Rokumon (which literally means “six coins” and refers to the coins on the family crest of Nagano’s Sanada Clan) looked resplendent in red, and Momo couldn’t wait to get on board. Peering in through the windows, she could see some fancy tables and place settings, but nothing could prepare her for the gorgeous space she would find herself in once she stepped inside.

▼ There were booths and window seats…

▼ And even a play area for children.

With warm wood panels, high-class furnishings and stylish light fittings, this was no ordinary train. In fact, it was so fancy that Momo began to wonder if maybe she should’ve dressed better for the occasion.

She needn’t have worried, though, because everyone else was dressed as casually as she was, and when the staff led her to her seat, she found she would be sheltered from prying eyes anyway, in a private room of her own!

The shoji paper sliding doors were open when she arrived, but once she was in, they were closed for complete privacy. Passengers are free to open them as they like, though, which is especially handy for those who want to hear the onboard sightseeing announcements as the train rolls through the countryside.

Momo was already grinning as she walked through the train, but now her smile stretched from ear to ear as she laid her gaze upon the kaiseki meal laid out in front of her.

Filled with local produce, the meal contained meat, fish and vegetable dishes, all presented beautifully in tiered boxes.

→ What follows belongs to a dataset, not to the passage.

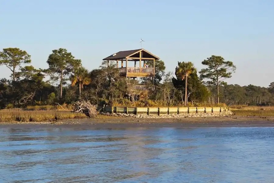 This secluded retreat, just a short boat ride from Hilton Head Island, provides an off-grid experience for adventurers.

The meal glistened before her, and with attentive staff on hand to explain each dish to her and top up her drinks when necessary, Momo imagined this must be what first class would be like on a flight.

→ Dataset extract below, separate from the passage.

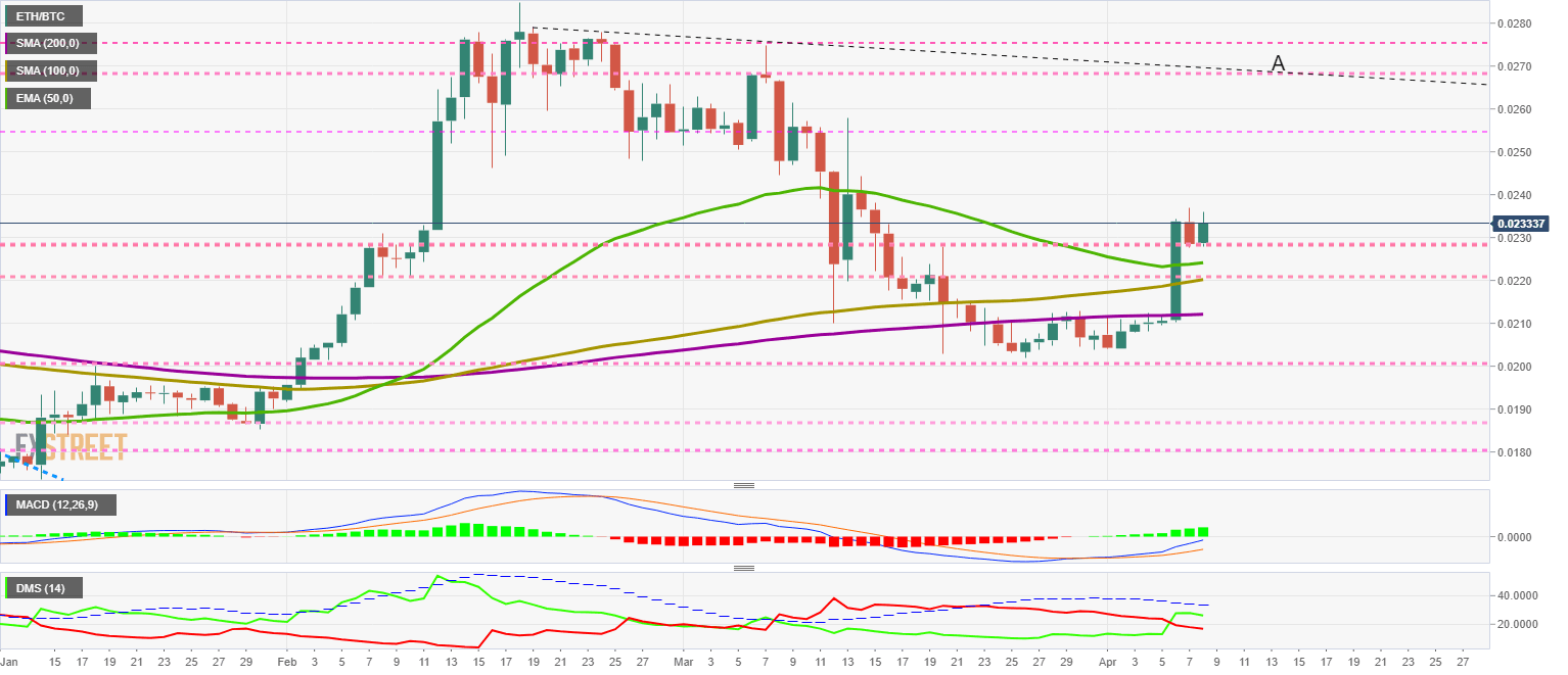 ETH/BTC is currently trading at the price level of 0.0233 after confirming congestion support at 0.0228.

She started off by sipping her welcome drink, and when she lifted the morsels of food to her mouth, she squealed with delight each time as they were filled with the same sublime flavours you’d find at a high-class restaurant.

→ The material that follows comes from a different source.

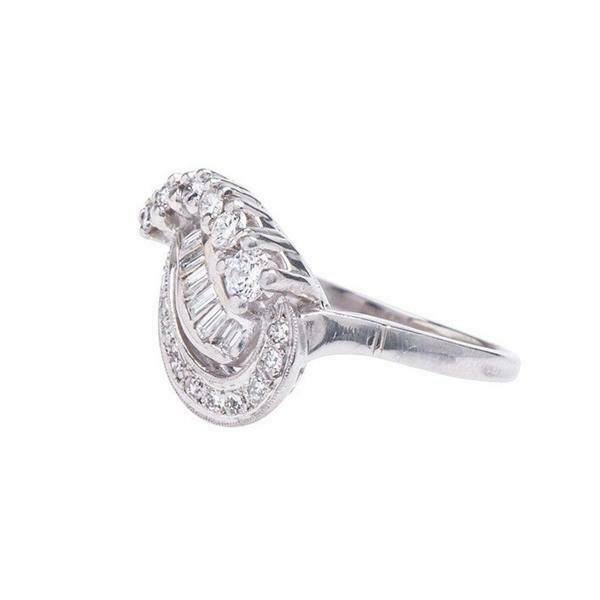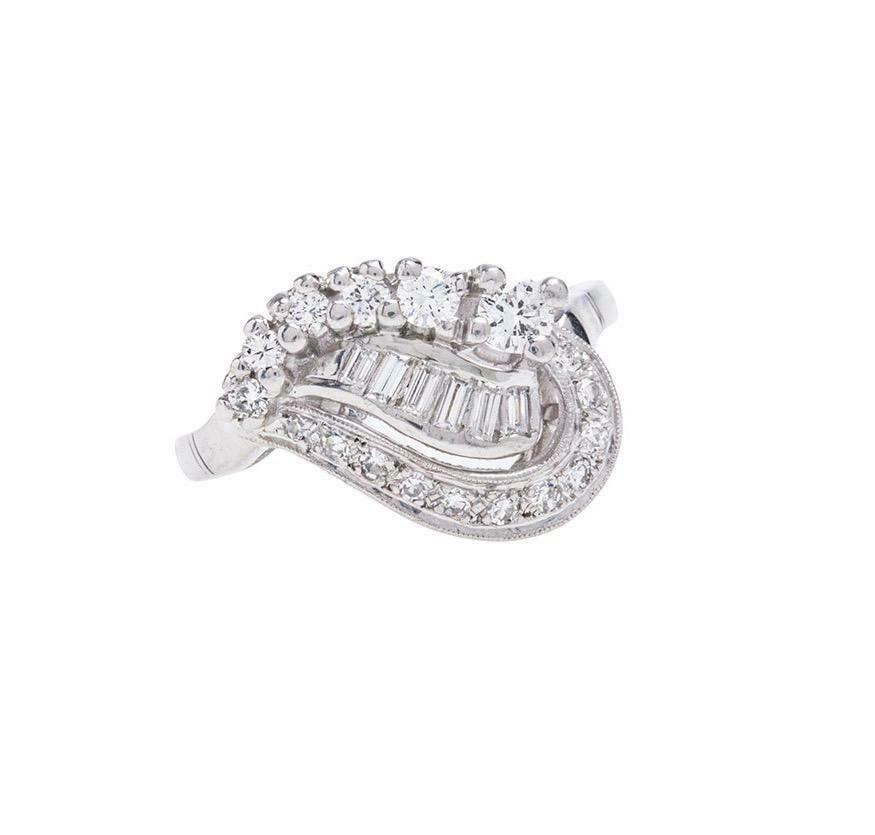 2.5ct Round Cut Diamond Engagement Ring Swirl Cluster Vintage 14k White Gold Over

The food tasted even better as she gazed out at the scenery as well. While the trip from Nagano to Karuizawa on the Shinkansen bullet train takes 25 minutes, on the restaurant train the journey takes two-and-a-half hours, giving her plenty of time to relax and enjoy every moment of the meal and the train ride.

Every time the train stopped at a station, there was lots to do as well, as they offered some type of sightseeing spot or event for passengers to enjoy. At Komoro Station, for instance, there was a garden for visitors to stroll through, and at Ueda Station they had costumes on hand for people to wear and take commemorative photos with, as a nod to the 2016 taiga drama Sanada Maru, a historical drama TV series that told the story of Nobushige Sanada, a Japanese samurai warrior from Nagano.

▼ The six coins of the Sanada Clan can be seen on the costumes and on the side of the train as well.

Passengers are free to take part in these events as they like, which means you have the option to go out and stretch your legs or stay in with a cookie and a cup of tea.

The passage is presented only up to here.